A FastAPI backend for fetching and eventually summarizing the latest research papers from arXiv.org. This project is the foundation for building a platform that provides clean, accessible summaries of academic research.
- ✅ Query arXiv API for papers submitted within a given date range
- ✅ Built with FastAPI (async, lightweight, Pythonic)

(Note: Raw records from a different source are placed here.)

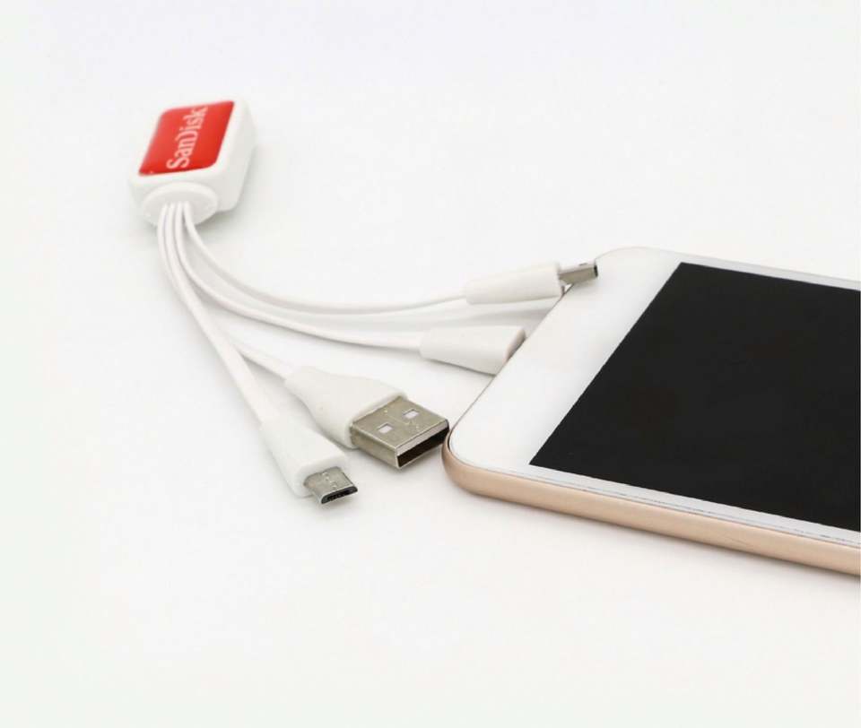 ของขวัญส่งเสริมการขาย โลโก้สั่งทำได้ สายชาร์จ USB แบบพกพาอเนกประสงค์ 4 in 1 ชาร์จเร็ว พร้อมพวงกุญแจ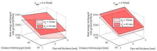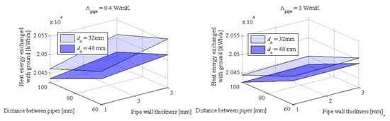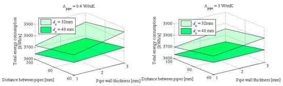 Total energy consumption as a function of analyzed parameters—summed for heating and cooling regime. The left plot presents results for the thermal conductivity of the pipe equal to 0.4 W/(m K), and the right for the thermal conductivity of the pipe equal to 3 W/(m K).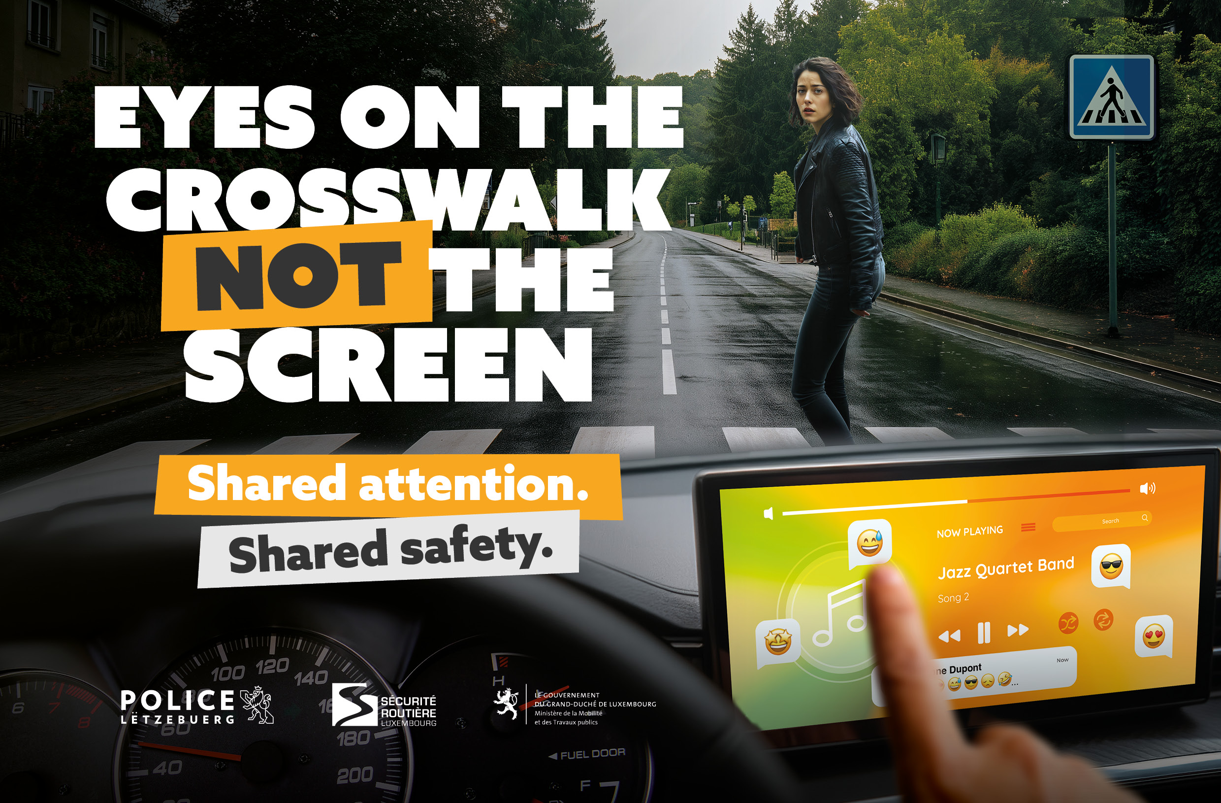 Launched in three languages (English, French, and Luxembourgish), the campaign highlights three behaviors that have become commonplace, even banal, but which are in fact dangerous and significantly increase the risk of an accident:

- ✅ Designed for future integration with LLM summarization
research-tldr/
├── app/
│ ├── __init__.py
│ ├── main.py ← FastAPI app and routes
│ └── arxiv.py ← ArXiv fetch logic
├── .venv/ ← Python virtual environment
├── requirements.txt ← Project dependencies
└── README.md ← You're here!
1. Clone the repo
git clone https://github.com/your-username/research-tldr.git
cd research-tldr
2. Set up virtual environment
python3 -m venv .venv
source .venv/bin/activate
pip install -r requirements.txt
3. Run the dev server
uvicorn main:app --reload
4. Test the API
Open in browser: http://127.0.0.1:8000/arxiv/daily
GET /arxiv/daily
Fetches papers submitted in the last 2 days using the submittedDate range from arXiv’s API. (Currently returns raw XML.)
- FastAPI
- Uvicorn
- httpx
- pydantic
(Full list available in requirements.txt)
- LLM-powered summaries (GPT or Claude)
- Tagging papers by research area
- Daily digest generation
- Simple dashboard UI
MIT — free to use, contribute, and modify.
Pull requests are welcome! For major changes, please open an issue first to discuss.